In the code below, we determine the 5 hours with the highest average number of comments per Show HN posts. 

In [12]:
show_swap_avg_by_hour = []
for row in show_avgs_by_hour:
    show_swap_avg_by_hour.append((row[1], row[0]))
    
print(show_swap_avg_by_hour)

show_sorted_swap = sorted(show_swap_avg_by_hour, reverse = True)

print("\n")
print("Top 5 Hours with the most Show HN Post Comments:")
for row in show_sorted_swap[:4]:
    hour = datetime.strptime(row[1], '%H')
    hour_object = hour.strftime('%H:%M')
    string = "{time}: {comments:.2f} average comments per post".format(time=hour_object, comments=row[0])
    print(string)

[(13.44186046511628, '14'), (12.391304347826088, '22'), (15.770491803278688, '18'), (11.5, '07'), (10.2, '20'), (3.0526315789473686, '05'), (11.655913978494624, '16'), (9.8, '19'), (8.102564102564102, '15'), (10.62962962962963, '03'), (9.795698924731182, '17'), (8.875, '06'), (4.233333333333333, '02'), (9.555555555555555, '13'), (4.852941176470588, '08'), (5.787234042553192, '21'), (9.5, '04'), (11.159090909090908, '11'), (11.80327868852459, '12'), (12.416666666666666, '23'), (9.7, '09'), (8.785714285714286, '01'), (8.25, '10'), (15.709677419354838, '00')]

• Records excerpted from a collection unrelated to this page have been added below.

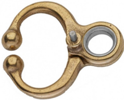
Brass Nose Leader V-4001 Brass Nose Leader
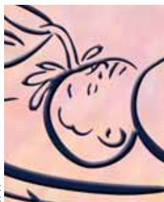
A Festive Affirmation Page 9
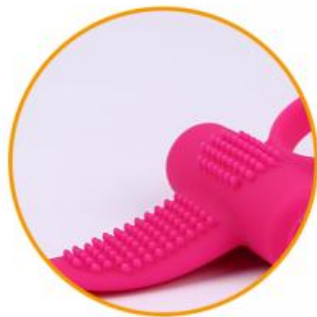
Brush design Friction enjoyment

Soft small particles rub Experience different enjoyment
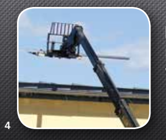
Fine Boom Control Place loads at height with confidence.
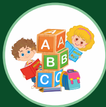
Activity Based Learning
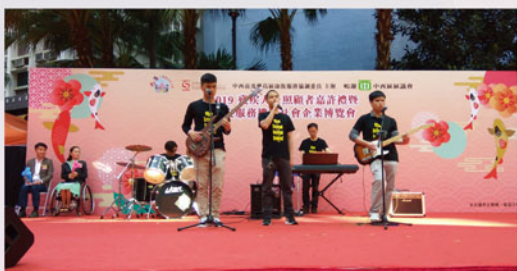
The hong kong band於博覽會進行音樂表演 The hong kong band performed in the Recognition Ceremony
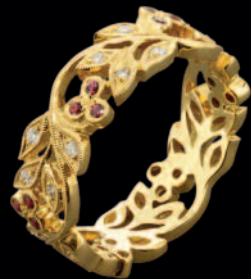
Ruby & Diamond Ring Design by Ungar & Ungar £1895
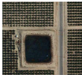
IR LED Test Zone (farm field reservoir)
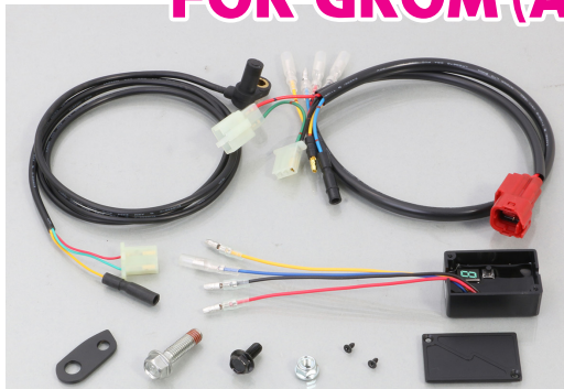
With Kitaco sensor, it will be able to read pulse from front wheel disc rotor bolts for stock meter. Also, it converts pulse for stock meter.
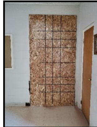
Walkway door to sanctuary across from the church offices.
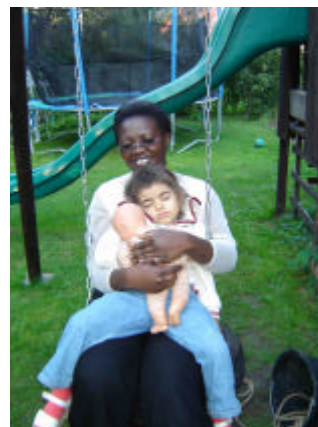
Charles University Prague.

Top 5 Hours with the most Show HN Post Comments:
18:00: 15.77 average comments per post
00:00: 15.71 average comments per post
14:00: 13.44 average comments per post
23:00: 12.42 average comments per post


Findings: Based on the data above, the hour in which a Show HN post is most likely to receive comments is 18:00/6:00pm.

## Analysis: Ask HN vs. Show HN posts

- Although the times of day in which posts have the highest average number of comments is similar, Show HN posts are more commonly posted later in the day compared to Ask HN posts.
- Ask HN posts receive more comments per post on average.